▸ Task goal
Write every line below out again, exactly as given, but leave out the pictures.

▸ Input data
********

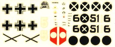 | Decals sheets gives four options, two German and two Spanish First is B-2 white 5 of II/JG 132 "Richthofen" in 1937. Another is C model and also white 5 of I/JG 132 during Polish campain. Spanish planes are model B-1 6*51 of Condor legion and B-2 6*56. Decals looks good, but are yellowed. There is also some stencils and decal for instrument panel.
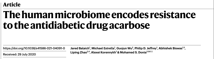 [2] Balaich J, Estrella M, Wu G, et al. The human microbiome encodes resistance to the antidiabetic drug acarbose[J]. Nature, 2021, 600(7887): 110-115.
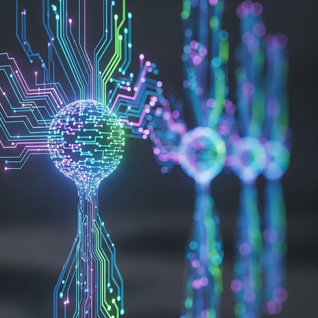 Abstract visual of neural networks with vibrant lights, showcasing network connections and data flow.
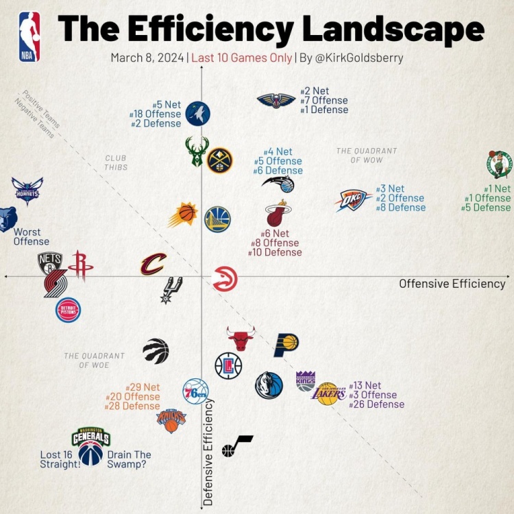 近10场攻防效率图:绿军火力独一档&攻防均前五 湖人进攻第三
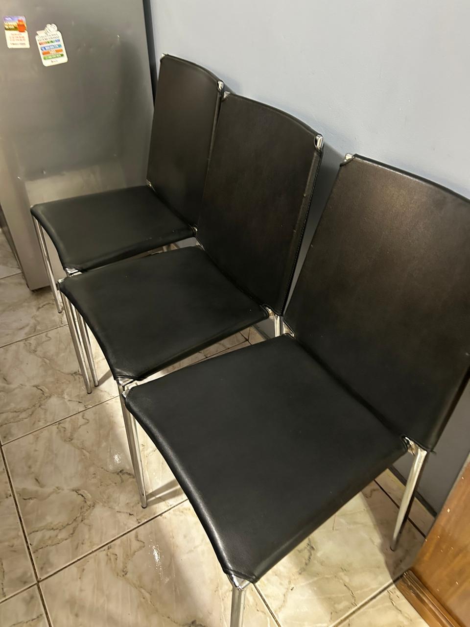 4 años uso, buen estado, leve trizadura en un costado poco notoria. Tapiz sillas cuerina negro.
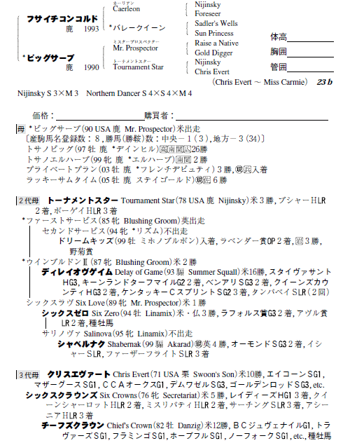 父フサイチコンコルド 母ビッグサーブ(母父Mr.Prospector)
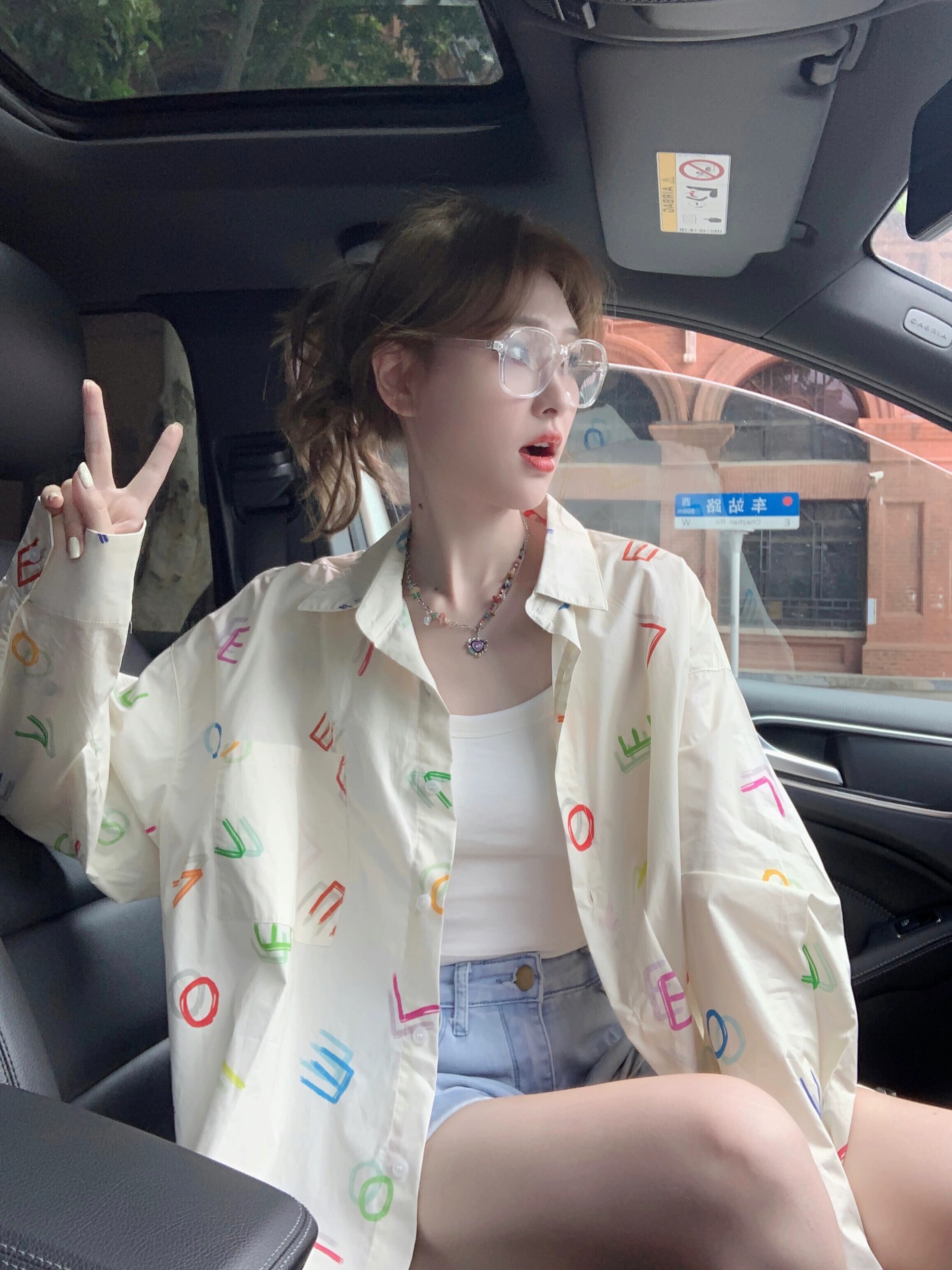 レター日焼け止めシャツジャケット女性の夏カジュアルシャツ 2023 新しいデザインセンスニッチ香港スタイル長袖トップ ロング サマー 夏物 8571683155141967
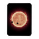 Esta ilustração mostra dois mundos do tamanho da Terra passando em frente à sua estrela anã vermelha, que é muito menor e mais fria que o nosso sol. Os planetas, TRAPPIST-1b e TRAPPIST-1c, residem a 40 anos-luz de distância. Estão entre 20 e 100 vezes mais perto de sua estrela do que a Terra está do Sol.
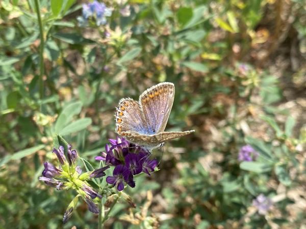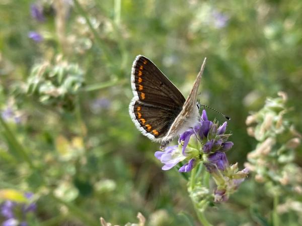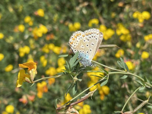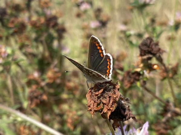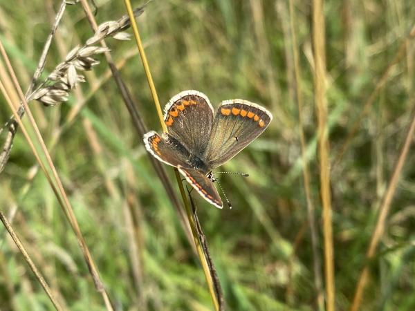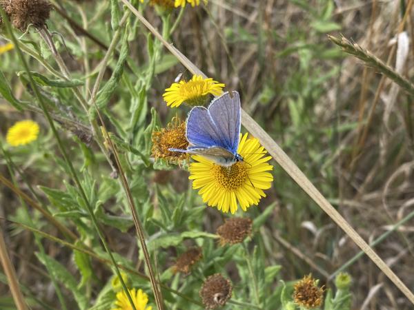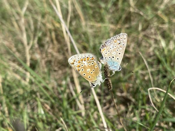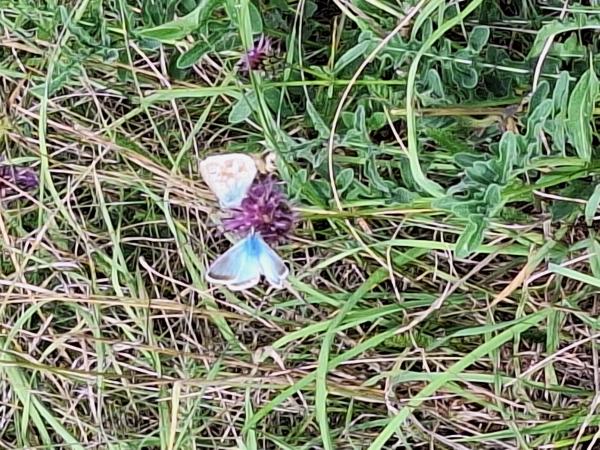 | 25th | Devils Dyke racecourse (TL6161) | Small White, Large White, Small Heath, Brown Argus, Common Blue, Small Copper, Chalk Hill Blue, Adonis Blue | Vince Lea, Louise Bacon And Amy Wolstenholme | Two mating pairs Adonis plus 1 male and 3 females unpaired. Maybe 20+ Chalkhills, more females than males. 4-5 Common Blue in Bomber Gap. 3 Small Copper together plus 1-2 others and similar numbers Brown Argus & Small Heath. Nectar in short supply, Carline Thistle best option. |

********

▸ Expected answer
 | Decals sheets gives four options, two German and two Spanish First is B-2 white 5 of II/JG 132 "Richthofen" in 1937. Another is C model and also white 5 of I/JG 132 during Polish campain. Spanish planes are model B-1 6*51 of Condor legion and B-2 6*56. Decals looks good, but are yellowed. There is also some stencils and decal for instrument panel.
 [2] Balaich J, Estrella M, Wu G, et al. The human microbiome encodes resistance to the antidiabetic drug acarbose[J]. Nature, 2021, 600(7887): 110-115.
 Abstract visual of neural networks with vibrant lights, showcasing network connections and data flow.
 近10场攻防效率图:绿军火力独一档&攻防均前五 湖人进攻第三
 4 años uso, buen estado, leve trizadura en un costado poco notoria. Tapiz sillas cuerina negro.
 父フサイチコンコルド 母ビッグサーブ(母父Mr.Prospector)
 レター日焼け止めシャツジャケット女性の夏カジュアルシャツ 2023 新しいデザインセンスニッチ香港スタイル長袖トップ ロング サマー 夏物 8571683155141967
 Esta ilustração mostra dois mundos do tamanho da Terra passando em frente à sua estrela anã vermelha, que é muito menor e mais fria que o nosso sol. Os planetas, TRAPPIST-1b e TRAPPIST-1c, residem a 40 anos-luz de distância. Estão entre 20 e 100 vezes mais perto de sua estrela do que a Terra está do Sol.
 | 25th | Devils Dyke racecourse (TL6161) | Small White, Large White, Small Heath, Brown Argus, Common Blue, Small Copper, Chalk Hill Blue, Adonis Blue | Vince Lea, Louise Bacon And Amy Wolstenholme | Two mating pairs Adonis plus 1 male and 3 females unpaired. Maybe 20+ Chalkhills, more females than males. 4-5 Common Blue in Bomber Gap. 3 Small Copper together plus 1-2 others and similar numbers Brown Argus & Small Heath. Nectar in short supply, Carline Thistle best option. |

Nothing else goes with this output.